Suzannah M. Schmidt-Malan, Cassandra L. Brinkman, Kerryl E. Greenwood-Quaintance, Melissa J. Karau, Jayawant Mandrekar, Robin Patel

Research output: Contribution to journalArticle


Fixed DC was compared to ceftriaxone, ceftriaxone with 200 μA fixed DC, or no treatment in a rat model of methicillin-susceptible Staphylococcus aureus foreign-body osteomyelitis. After 3 weeks, fewer bacteria were present in bones of the ceftriaxone group (5.71 log10cfu/g [P = 0.0004]) and the ceftriaxone/DC group (3.53 log10cfu/g [P = 0.0002]) than untreated controls (6.70 log10cfu/g).
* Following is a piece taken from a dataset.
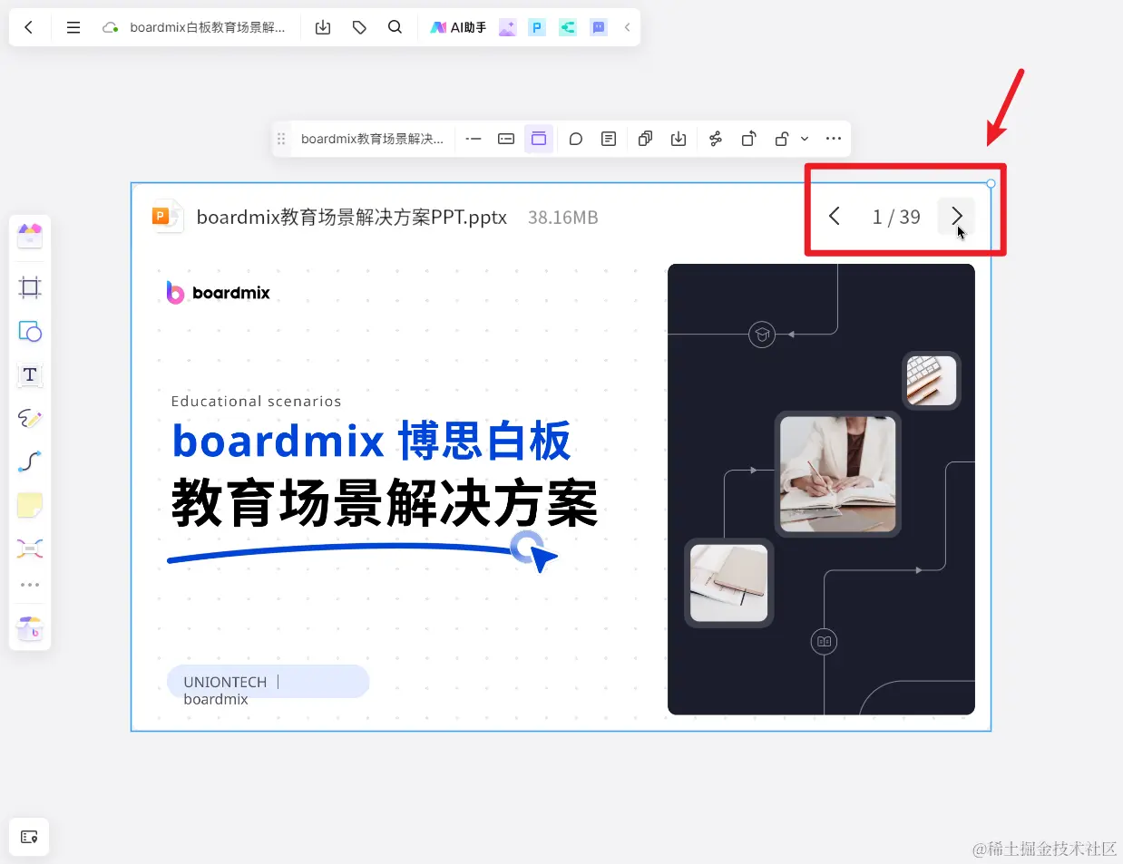 选中上传到 boardmix 画布的 PPT 文件,点击右上角的翻页按钮,即可在线查看 PPTX 文件的内容。
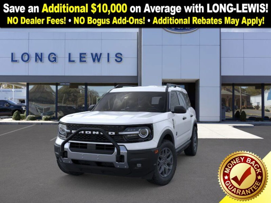 Oxford White 2025 Ford Bronco Sport Big Bend NFT 4WD 8-Speed Automatic 1.5L EcoBoost 110V/400W AC Power Outlet, 2nd Row Carpeted Seatback, 4-Wheel Disc Brakes, 6 Speakers, ABS brakes, Air Conditioning, Alloy wheels, AM/FM radio: SiriusXM, AM/FM Stereo, Auto High-beam Headlights, Automatic temperature control, Auxiliary Switches & Wiring, Black Diamond Off-Road Package, Brake assist, Brush Guard, Cargo Management System (Shelf/Divider/Table), Cargo Mat, Class II Trailer Tow Pack w/Trailer Sway Control, Cloth w/Easy-to-Clean Front Bucket Seats, Compass, Convenience Package, Delay-off headlights, Driver door bin, Driver vanity mirror, Dual front impact airbags, Dual front side impact airbags, Electronic Stability Control, Emergency communication system: SYNC 4 911 Assist, Fender Tie Downs, Four wheel independent suspension, Front & Rear Black Bumpers, Front anti-roll bar, Front Bucket Seats, Front Center Armrest, Front Driver/Passenger Seat Back Map Pockets, Front License Plate Bracket, Front reading lights, Fully automatic headlights, Heated 8-Way Power Driver's Seat, Heated door mirrors, Illuminated entry, Interior Grab Handle, Knee airbag, LED Fog Lamps, Low tire pressure warning, Occupant sensing airbag, Outside temperature display, Overhead airbag, Overhead console, Panic alarm, Passenger door bin, Passenger vanity mirror, Power door mirrors, Power steering, Power windows, Premium Wrapped Steering Wheel, Radio data system, Rear anti-roll bar, Rear Parking Sensors, Rear reading lights, Rear seat center armrest, Rear window defroster, Rear window wiper, Recovery Hooks, Remote keyless entry, Security system, SiriusXM, Speed control, Speed-sensing steering, Speed-Sensitive Wipers, Split folding rear seat, Steering wheel mounted audio controls, SYNC 4 w/Enhanced Voice Recognition, Tachometer, Telescoping steering wheel, Tilt steering wheel, Traction control, Trip computer, Universal Garage Door Opener (UGDO), Variably intermittent wipers, Wheels: 17" Carbonized Gray Painted Aluminum, Wheels: 17" Carbonized Gray-Painted Aluminum.

Fewer bacteria were present in the ceftriaxone/DC group than in the ceftriaxone-alone and DC-alone groups (P = 0.0012 and 0.0008, respectively). There were also fewer bacteria on the implanted wires in the groups treated with ceftriaxone (5.47 log10cfu/cm2) or ceftriaxone/DC (2.82 log10cfu/cm2) than in the untreated controls (6.44 log10cfu/cm2 [P = 0.0003 and 0.0002, respectively]). There were fewer bacteria in the ceftriaxone/DC rats than in the ceftriaxone-alone– and fixed DC-alone–treated rats (P = 0.0017 and 0.0016, respectively). Fixed DC with an antibiotic may be useful for treating foreign-body infections caused by S. aureus.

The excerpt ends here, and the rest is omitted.